Strip the demo lighting and you get a robot that has to know where its own body is before it can move it. US11731277B2, granted to Boston Dynamics in August 2023, addresses exactly that with "Generalized coordinate surrogates for integrated estimation and control."

The B25J filing tells a different story than the keynote. Classified under B25J 9/1682, B62D 57/032 (legged locomotion) and B25J 13/089 (force/position sensing), the patent unifies two things usually built separately: estimation (figuring out the true state of the robot's body from noisy sensors) and control (deciding what the actuators should do). The 'surrogate' coordinates are a representation that lets both share the same math.

Here is why integrating them is the hard, valuable move. A legged robot's controller is only as good as its belief about where its limbs and center of mass actually are. If estimation and control are designed in isolation, errors in one corrupt the other, and the robot oscillates or falls. Coupling them — control that is aware of estimation uncertainty — is what makes balance robust on real ground.

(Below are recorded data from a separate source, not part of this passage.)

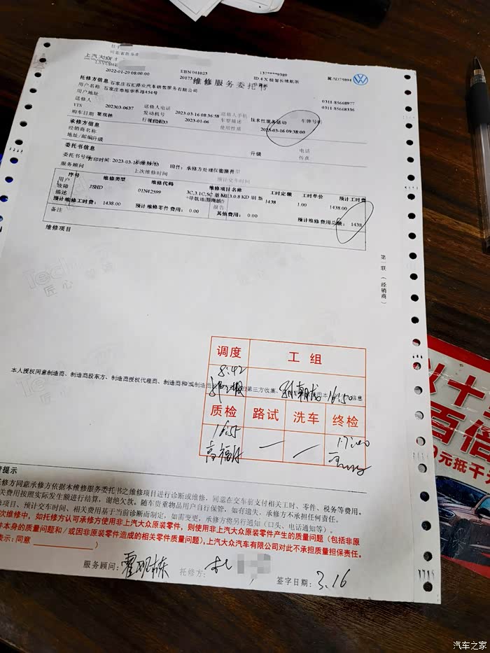 一直到下午17点,服务顾问才通知我来取车。委托书单上显示,这次升级的工时费高达1438元😲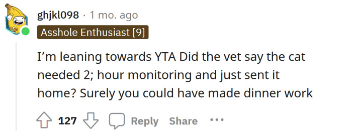 This situation demonstrates the complexities of emotional prioritization in relationships. The Redditor's choice to stay home with her sick cat reflects a deep emotional bond that can sometimes lead to conflict with social obligations, highlighting the need for open communication about values and priorities.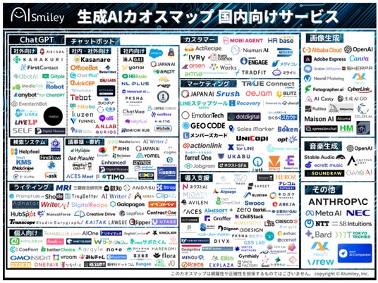 生成AIカオスマップは、生成AIサービスを「チャットボット」「カスタマー」「マーケティング」「検索システム」「画像生成」「音楽生成」など11カテゴリに分類、マッピングしております。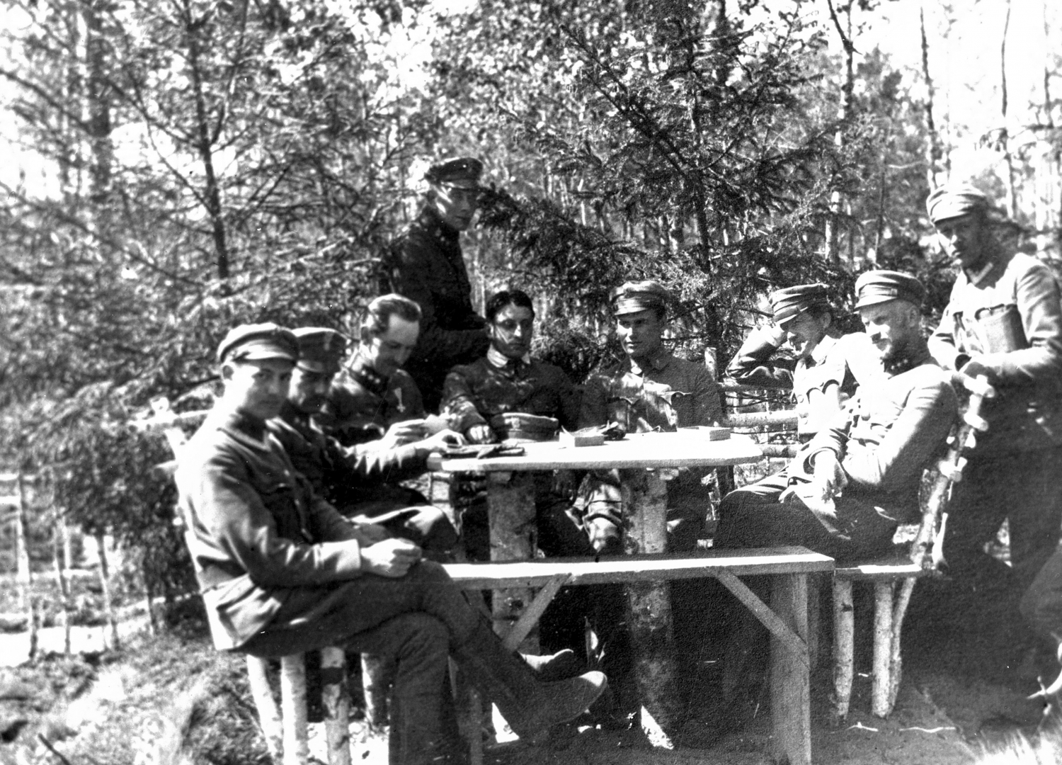 Obiad oficerów 4 pułku legionów na froncie w rezerwie. Siedzi bez czapki pułkownik Bolesław Roja.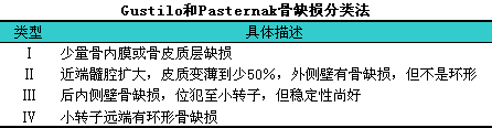 Gustilo和Pasternak分类(见下表、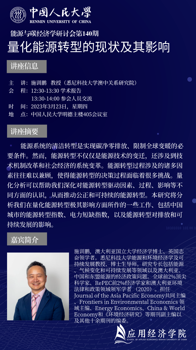 施训鹏,澳大利亚国立大学经济学博士、英国志奋领学者。悉尼科技大学能源和环境经济学及可持续发展教授、博士生导师、澳中关系研究院首席研究员;国际能源转型学会理事长、“澳大利亚中国经济研究学会”理事、会长(2016-8)。研究专长包括能源、气候变化和可持续发展等领域以及澳大利亚、中国和东盟能源的经济政策问题。全球前2%顶尖科学家、RePEC前2%经济学家和澳大利亚环境法律和政策领域领军学者 (2020)。主持国家自然科学基金、联合国亚太经社会、亚洲开发银行(ADB)、新加坡贸工部和有关国际组织委托的研究十余项。担任Journal of the Asia Pacific Economy共同主编、Frontiers in Environmental Economics 领域主编、Energy Economics、China & World Economy和《环境经济研究》等期刊副主编以及其他十余期刊的编委。经或者正在担任全球天然气中心高级顾问;APEC 可持续能源中心国内专家委员会委员;联合国亚太经社会(ESCAP)特别顾问和联合国采掘业可持续发展转型工作组成员。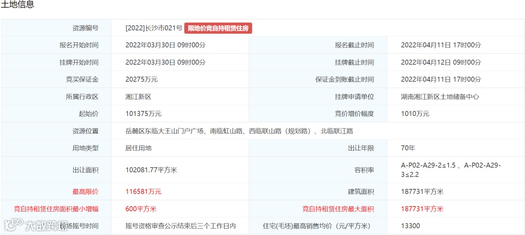 4. 土地挂牌最高限价为116581万元,住宅(毛坯)销售均价不超过13300元/平方米。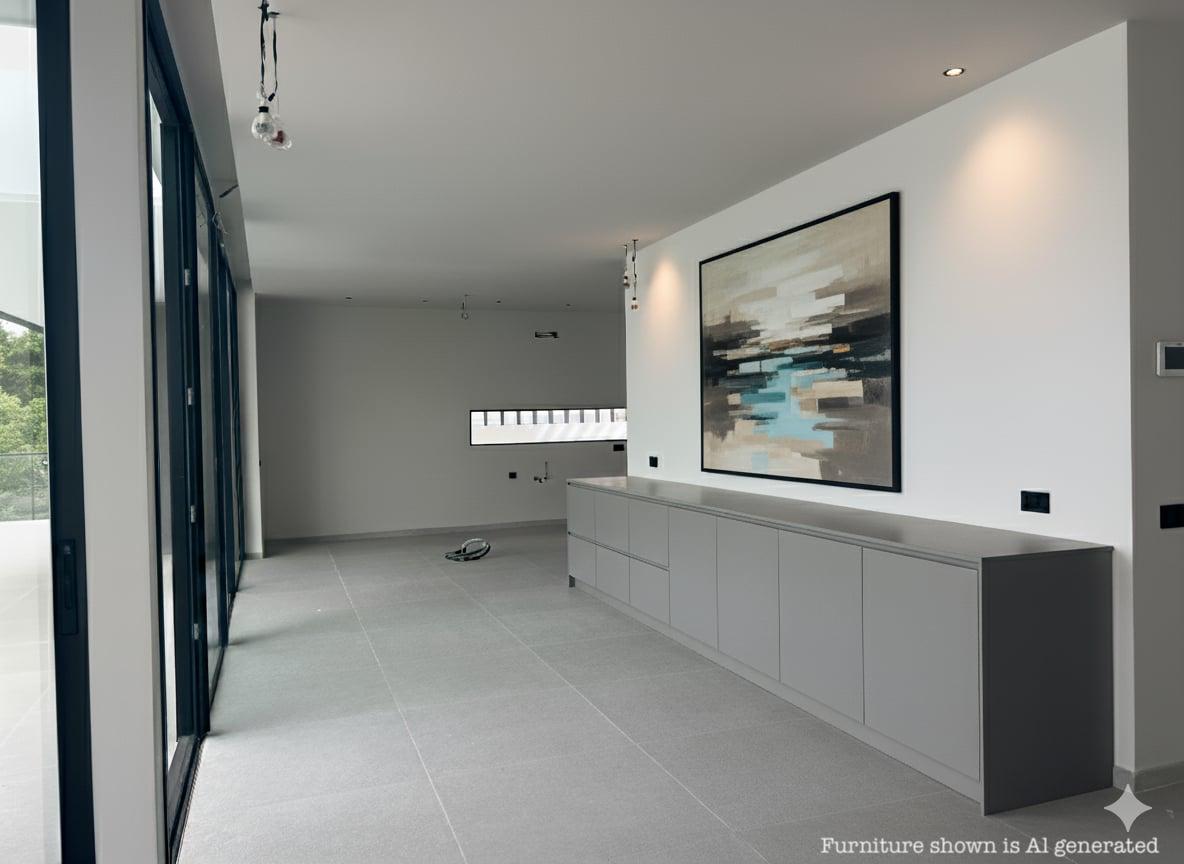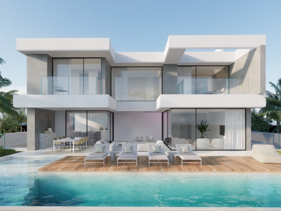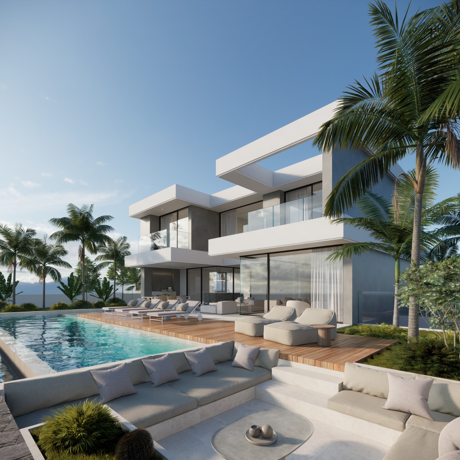 Con un espectacular diseño de concepto abierto, la villa se distribuye en 3 plantas, accesibles mediante ascensor o escalera flotante, y cuenta con amplias zonas de estar y comedor con puertas correderas de cristal de suelo a techo que se ocultan en las paredes, creando una perfecta integración entre el interior y el exterior.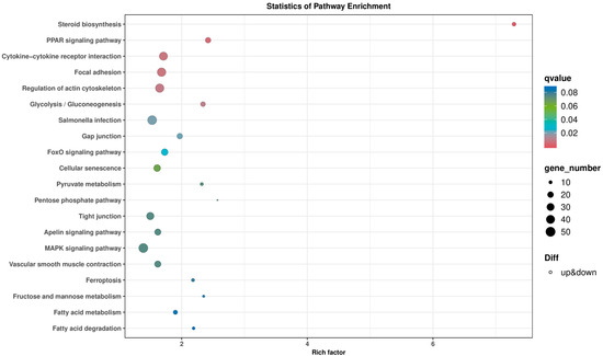 KEGG analysis of the pathways through enrichment of DEGs between bmp4−/− and WT liver tissue of zebrafish challenged by GCRV. Rich factor is the ratio of differentially expressed gene numbers annotated in these pathway terms to all gene numbers annotated in these pathway terms. The q-value means corrected p-value; q < 0.05 is significantly enriched.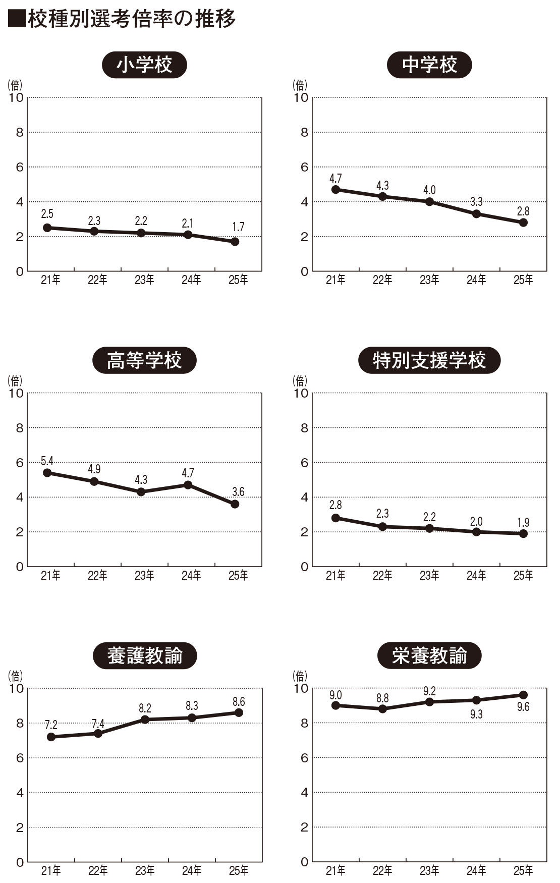 2025年実施教員採用試験 自治体・校種別倍率一覧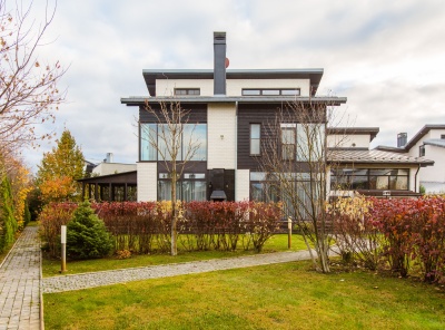 Продажа загородного дома площадью 530 кв.м. Коттеджный поселок Высокий Берег. Новорижское шоссе, 55 км от МКАД. Дом построен в 3 уровня по авторскому дизайн-проекту известного российского архитектора Ильи Хомякова. Внутреннее пространство оформлено в современном стиле. Зал и кухня укомплектованы итальянской мебелью марок Busnelli, Smania, Cattelan Italia, Reflex Angelo и др. Установлена кухня Minotti (Италия) и сантехника Villeroy & Boch (Германия). Все материалы привезены из Италии. Гостиная с панорамным камином. Великолепная SPA-зона с бассейном.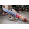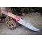 Couteau Bowie de Chasse à lame fixe - Longueur totale 30cm - Longueur de lame 18cm - Largeur de lame 3.8cm - Construction plate semelle - Lame en acier damas 256 couches - Lame clip point - Manche en bois - Trou pour dragonne - Fabrication Artisanale - Etui cuir

This is a more sophisticated version of the slip-recovery and sensor-noise work Boston Dynamics patented years earlier. Where those addressed specific failures, this addresses the underlying framework: how a legged machine maintains a coherent, controllable model of its own dynamic body in real time.

The honest limit is that none of this is about what the robot does — picking, carrying, dancing. It is about staying upright while doing anything at all. That ordering, foundation before application, is the correct one, and it is the part humanoid startups most often skip on their way to a manipulation demo.

For anyone auditing the humanoid race, this patent marks the depth of the incumbent's lead. The flashy newcomers show hands; the company that has been at this longest is patenting the integrated estimation-and-control core that decides whether any of those hands ever do useful work without falling over.